I quoted Goldsworthy previously. More of him below –
“Prosperity teaching relies heavily on an Old Testament’s vision of life. It highlights the physical blessings given to Adam and Eve and the promises of prosperity given to Abraham.
“However, we need to see the progressive nature of Old Testament theology as leading to the New Testament fulfilment. He asserted that through the Scriptures, the revelation of God is progressive. In the OT, it is about the land, and living well successfully to herald God’s kingdom on earth. In the NT, it is all about our LORD
“Israel’s hope was to return to Zion, the place of God’s dwelling among His people. The New Testament must tell us where Zion is if we would dis¬cover the new temple and the ruling Son of David. Be¬cause Jesus is the Son of David to whom rule is given, Zion is where He is – ie., in heaven. The kingdom of God cannot be separated from the presence of Jesus (Heb. 12:22). In thinking of God’s place, it is important not to be too conditioned by our earthly concepts of real estate. The prominence in the Old Testament of the promised land should not be allowed to establish our concept of God’s place. We must remember that the promised land, Canaan, is an earthly expression of a reality which we saw set forth in the garden of Eden. But even Eden could not be Eden without the presence of God. Let Levi teach us a lesson. The tribe of Levi was chosen to be priestly representatives of Israel in having access to God (a priest is one who has access to God). God told Moses that He intended to make a nation of priests (Ex. 19:6), a truth which has its fulfillment in the priest¬hood of all believers. In this sense Levi was privileged to represent God’s people in the ideal relationship of being accepted into God’s presence. All the tribes were aportioned real estate as their inheritance, except Levi. Levi, the truly representative Israel, was given a far greater gift: “They shall have no inheritance among their brethren; the Lord is their inheritance. . . .” Deut. 18:2, RSV. The making of the true kingdom of priests comes through the preaching of the gospel. The ultimate in¬heritance is related to priesthood rather than land rights. And it is this priesthood that the New Testa¬ment applies to Christians, for they have access to the presence of God through Jesus Christ. Because the hope of Israel leads thus to the blessings of the gospel, the writer to the Hebrews describes Abraham’s faith in terms of its ultimate conclusion. It is not to the land of Canaan that Abraham’s faith leads, but to the heavenly homeland (Heb. 11 :13-16).”

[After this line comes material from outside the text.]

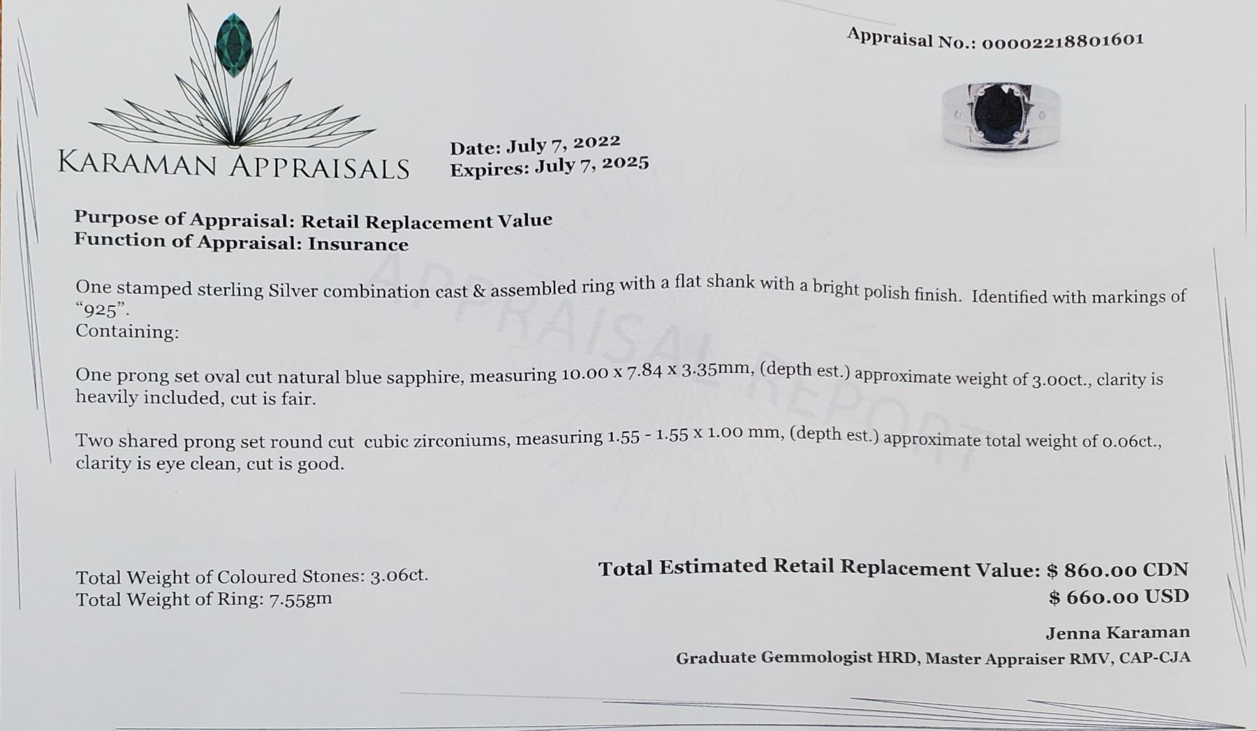 SILVER, NATURAL BLUE SAPPHIRE(3CT) 2 CZ(0.06CT) RING SIZE 9, WEIGHT 7.55G, APPRAISED RETAIL $860 **ALL ITEMS MUST BE REMOVED BY 5PM SATURDAY, JANUARY 21ST 2023. ALL MAGIC SPACE ITEMS MUST BE REMOVED BY WEDNESDAY, JANUARY 18TH AND ARE LOCATED AT 9058-22 AVENUE SW #102. **ALL REMAINING ITEMS WILL BE SUBJECT TO A $6.00 PER DAY STORAGE CHARGE. ANY ITEMS REMAINING AFTER MONDAY, FEBRUARY 6TH, 2023 WILL BE CONSIDERED FORFEITED. NO REFUNDS WILL BE ISSUED FOR FORFEITED ITEMS. TO SCHEDULE A PICK UP APPOINTMENT CLICK HERE

So do I want to echo what the pulpit declared oftentimes?
Deut 34:7 “And Moses was a hundred and twenty years old when he died: his eye was not dim, nor his natural force abated.”
I would be a purist if I learn biblical theology – that there is a program to ensure the health and posterity of the chosen Hebraic race living in the land given by God – part of the plan to herald the coming of the Jesus and His Kingdom. And Jesus, having come and died, His program now is for his redeemed people me to set our eyes on the Lord, Whose kingdom relationships, values and goals are eternal.
I would be a pragmatist desiring health and posterity, and be no different from other Asians going to shrines and temples to pray and hope for a good life in this temporal world, in this land.
(Not long ago, my daughter pressed me to expend my limited resources to renovate a resale flat still in good condition – to live well, to be comfortable. I resisted, saying a tourist would just stay in a hotel and then go home. He would not renovate his hotel room! Oops – an extreme example, but hopefully to affirm and self-fulfil the practice of my faith)
So am I a purist, or a pragmatist? I want to be a pilgrim, for God’s Word declares that I am a alien, a stranger, a sojourner in this land – longing to be with the Lord.